DeSouza v. Tradelink, LLC, 2014 IL App (1st) 131456-U provides an excellent – though unpublished – primer on Illinois partnership law and contract interpretation rules. The case also illustrates the confusion that can result when parties to a business deal have several conflicting and parallel documents that govern a single transaction.
Plaintiff entered into a four-way business arrangement with a software developer, another individual and a trading firm to share profits from a unique software trading module invented by the developer. Three documents governed the parties’ relationship. A Term Sheet, a Trader Agreement , a Side Letter (which contained a separate rider) codified the parties venture and assigned each participant’s profits split. The plaintiff, who introduced the software developer to the trading firm, was to receive 5% of all trading profits realized by the developer (who was to be paid 55%) from the software. The payments to the plaintiff were to flow through the developer who would pay plaintiff his share after he (the developer) was paid by the trading company.
When the trading firm severed ties with the developer, the plaintiff sued to recover several million dollars in profits that the company earned over several years based on its use of the trading software. The trial court granted summary judgment for the trading firm on plaintiff’s claims on the basis that no partnership was formed between the parties. Plaintiff appealed.

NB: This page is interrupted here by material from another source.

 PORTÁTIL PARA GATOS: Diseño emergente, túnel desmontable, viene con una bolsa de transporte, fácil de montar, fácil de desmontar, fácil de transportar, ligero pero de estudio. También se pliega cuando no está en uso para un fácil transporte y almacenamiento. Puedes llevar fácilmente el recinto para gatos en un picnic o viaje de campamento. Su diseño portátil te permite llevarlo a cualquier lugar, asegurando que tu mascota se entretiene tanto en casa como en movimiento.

Held: Reversed. Questions of fact exist as to whether the parties intended to form a partnership.
Rules/Reasoning:
The Uniform Partnership Act (810 ILCS 206/100, 202(a))(the UPA) defines a partnership as the association of two or more persons to carry on as co-owners a business for profit – regardless of whether that was the persons’ intent. The sharing of gross revenues by 2 or more people doesn’t establish a partnership by itself but where a person receives a share of business profits, he is presumed to be a partner unless he was paid (a) wages as an employee or (b) compensated as an independent contractor. UPA Section 206/202(c); (¶21).
Illinois courts describe a partnership as a contractual relationship and a partnership is controlled by the parties’ oral or written agreement. The caselaw echoes the UPA and finds a partnership where parties join together to carry on a business venture for their common benefit and each party contributes property or services to the enterprise and has a community interest in the business profits.

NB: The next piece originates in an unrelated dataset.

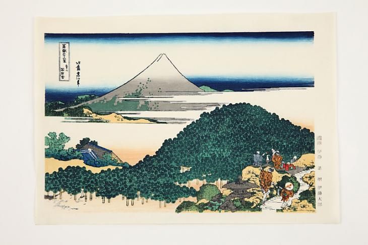 題名のとおり、全図に富士山のある風景を描いたシリーズ物で、葛飾北斎の代表作にとどまらず、浮世絵風景画の代表作ともいわれています。はじめ、三十六図が刊行されましたが、好評のため十図が追加され、計四十六図が刊行されました。当初の三十六図を「表富士」、追加の十図を「裏富士」と呼びます。富士山への篤い信仰は今と変わらず人々の間にあり、当時、集団で富士山に参拝する「富士講」が盛んに行われるなど、こうした社会背景のなかで北斎は『富嶽三十六景』を描き、爆発的ヒットとなりました。

Other indices of a partnership include the manner in which the parties deal with one another, the mode in which each alleged partner dealt with third parties with the other partners’ knowledge and whether the two (or more) persons advertised their business using a firm name. (¶ 21). The Court also looks at whether the business has filed a partnership certificate with the county clerk, whether the business has a checking account and files partnership tax returns as part of its partnership inquiry. And while the parties’ intent isn’t the decisive factor (in deciding whether there is a partnership), it’s still something the court considers when determining whether a partnership exists. (¶¶33, 42).
The Court reversed summary judgment for the trading company because there were disputed fact questions as to whether the parties formed a legal partnership. The various documents and the parties’ conduct was both consistent and inconsistent with the existence of a partnership. The pro-partnership factors included multiple references to the terms “partner” and “partnership” and the fact that plaintiff was assigned a specific percentage of the business arrangement’s profits.

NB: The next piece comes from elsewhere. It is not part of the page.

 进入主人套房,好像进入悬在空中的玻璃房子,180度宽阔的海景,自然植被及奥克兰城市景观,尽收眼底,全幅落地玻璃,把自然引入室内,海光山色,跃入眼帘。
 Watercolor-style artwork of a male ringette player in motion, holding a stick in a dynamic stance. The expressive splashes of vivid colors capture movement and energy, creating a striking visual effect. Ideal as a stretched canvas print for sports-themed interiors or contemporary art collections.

Factors that ran counter to a partnership finding included the plaintiff not contributing property or funding for the business and not having any role in the day-to-day business of the trading firm. that plaintiff didn’t contribute any money to the enterprise, didn’t run the trading business or share in business losses. Because there were so many factual and textual incongruities in the various documents, it wasn’t clear whether the parties meant to form a partnership. (¶¶ 22-28)
The other key fact dispute that led to the court’s summary judgment reversal involved plaintiff’s role in the enterprise. The trial court found that plaintiff was merely a “finder” who connected to developer with the trading company and was entitled to a “finder’s fee.” But there was evidence in the record that plaintiff expended time , energy and money in consummating the developer-trading firm connection. Because of this, it was conceivable that the plaintiff contributed property or services to the business venture. If plaintiff’s time and money efforts were considered contributions of property or services, this would indicate the existence of a partnership. More facts needed to be developed for the court to rule definitively on the partnership question. (¶¶ 31-32).
Take-aways: Confusion results where multiple documents govern the same transaction. Where multiple agreements control a single transaction, the agreements should incorporate each other by reference and specifically state what document trumps the other(s) if there is a dispute or conflict among the different terms. The case’s real value, though, lies in its excellent summary of Illinois partnership law under the UPA and the construing caselaw. De Souza provides a fairly exhaustive summary of the key elements a court considers when deciding whether the parties’ conduct evidences a formal partnership.